Игорь Леонидович Зайцев, заведующий лабораторией нейрофизиологии сна, шестьдесят три года, профессор, автор стандартного учебника по полисомнографии, который все называли «Зайчик», – не из нежности, а потому что фамилия. Грузный мужчина с седой бородой и привычкой смотреть поверх очков, как будто вещи интереснее, если размыты. Сел в своё кресло – единственное мягкое в конференц-зале, привилегия заведующего – и достал из кармана мятный леденец. Он всегда сосал леденцы на совещаниях. Лена подозревала, что это помогало ему не засыпать.
Ирина Мещерякова, доцент, специалист по парасомниям, сорок семь лет, в институте – пятнадцать, знала расположение каждой розетки и каждого таракана. Молчаливая, острая, с репутацией человека, который задаёт один вопрос, но этот вопрос попадает точно в слабое место.
Остальные – аспиранты, постдоки, младшие научные сотрудники, включая Диму, который сидел в углу с видом человека, знающего, что сейчас произойдёт, и не уверенного, что хочет при этом присутствовать.
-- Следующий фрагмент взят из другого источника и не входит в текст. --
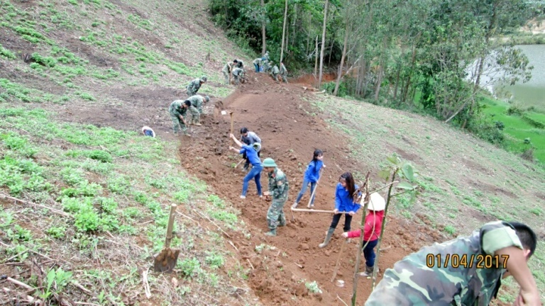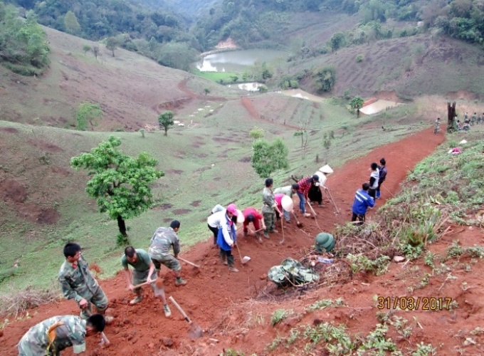 Đoàn viên thanh niên tham gia hoàn thiện "Con đường Thanh niên" tại xã Tà Lèng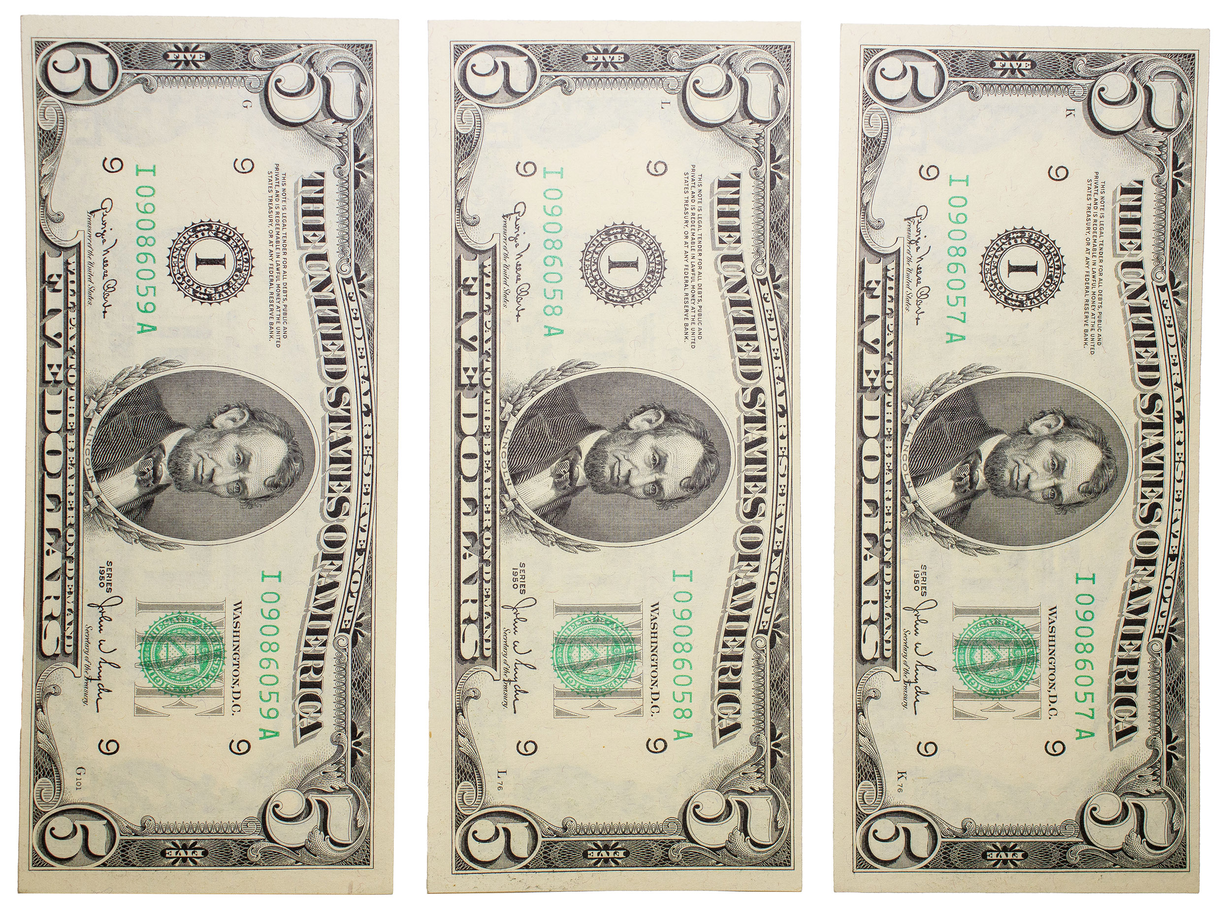 Crisp New Change Over Trio Series 1950 $5 Notes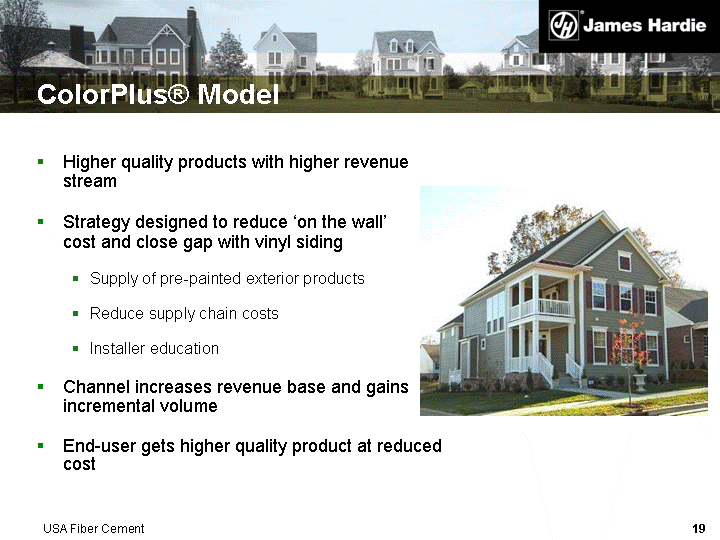 | ColorPlus(r) Model Higher quality products with higher revenue stream Strategy designed to reduce 'on the wall' cost and close gap with vinyl siding Supply of pre-painted exterior products Reduce supply chain costs Installer education Channel increases revenue base and gains incremental volume End-user gets higher quality product at reduced cost USA Fiber Cement |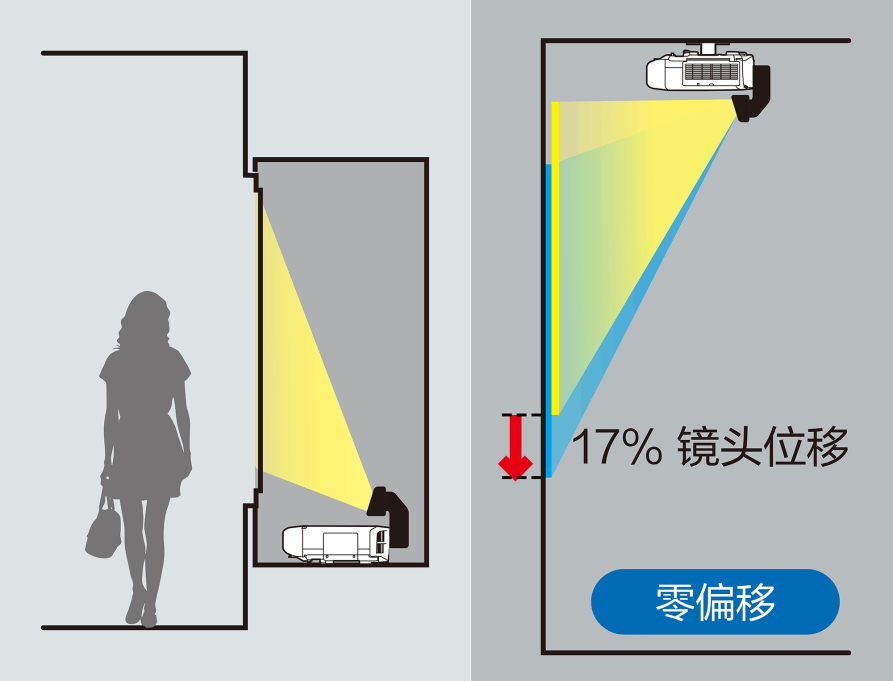 同時(shí),愛普生采用零偏移超短焦鏡頭,這一鏡頭的使用讓投影機(jī)即使在極為有限的空間內(nèi)也能安裝應(yīng)用,并投出大尺寸畫面,充分利用空間,呈現(xiàn)出更為出色的視覺效果。
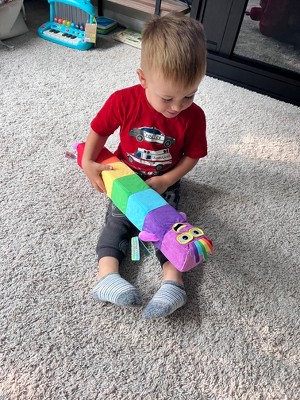 [This review was collected as part of a promotion.] I show him the colors on each block trying to help him learn his colors. I also count the block to tech him number and it also is a great stuffy for bedtime and to carry around with him.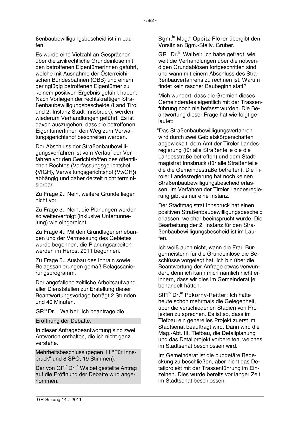 Mehrheitsbeschluss (gegen 11 "Für Innsbruck" und 8 SPÖ; 19 Stimmen):
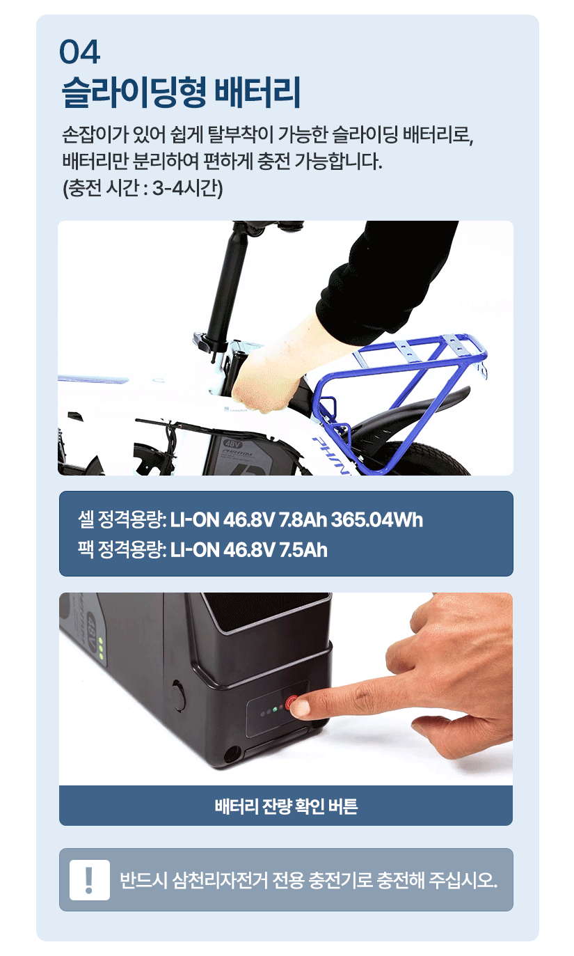 | 배터리 | 셀 정격용량: LI-ON 46.8V 7.8Ah 365.04Wh / 팩 정격용량: LI-ON 46.8V 7.5Ah |

– Я хочу показать вам кое-что из текущего цикла «Морфея», – начала Лена, когда проектор наконец ожил и бросил на экран первый слайд: логотип проекта, дата, заголовок – «Аномальная кластеризация содержания снов: предварительный анализ». Скучное название. Лена выбрала его сознательно: скучное название не вызывает защитную реакцию.
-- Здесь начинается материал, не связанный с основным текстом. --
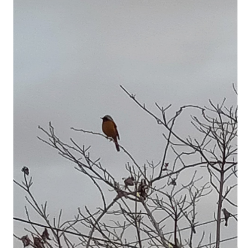 信号待ちしていたら、交差点近くの家のお庭の木にジョウビタキを発見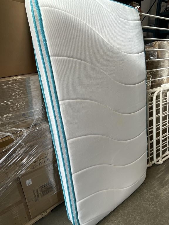 WHITE METAL SINGLE SIZE BEDFRAME WITH MATTRESS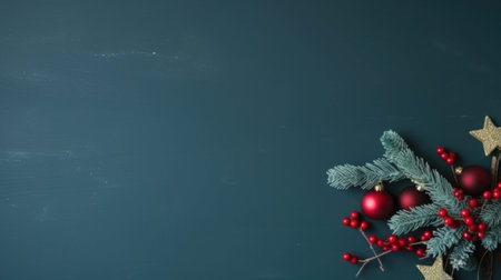 Christmas decorations with red baubles and berries on lush green pine branches. The dark green glittery background adds elegance to the festive composition.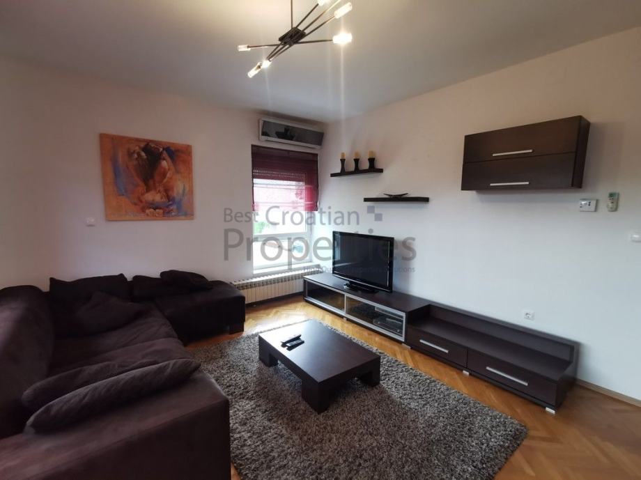 Stan se sastoji od ulaznog hodnika, dnevnog boravka s izlazom na loggiu, blagavaone, kuhinje,kupaone s kadom, spavaće sobe s bračnim krevetom, te manje sobe koja je trenutno prazna, a namještenost ovisi o potrebama budućih najmoprimaca ( dječja, radna...).

Она провела их через данные методично, как проводят хирурги по операционному полю: вот разрез, вот ткань, вот аномалия. Первый слайд – описание выборки. Второй – алгоритм кластеризации. Третий – типичные кластеры: «падение», «преследование», «публичная нагота». Знакомое, безопасное, скучное. Леденец Зайцева стучал о зубы.
Четвёртый слайд – кластер 7741-Δ.
– Две с половиной недели назад система зафиксировала аномальное совпадение содержания снов, – сказала Лена. – Двадцать три записи с коэффициентом семантического сходства 0.94.
Стук леденца прекратился.
– Содержание: открытое белое пространство без ориентиров, фигура на горизонте. Описания практически идентичны, при том что респонденты находятся в разных странах, не связаны друг с другом и принадлежат к разным культурным и возрастным группам.
Пятый слайд – графики. Кривая. Экспонента.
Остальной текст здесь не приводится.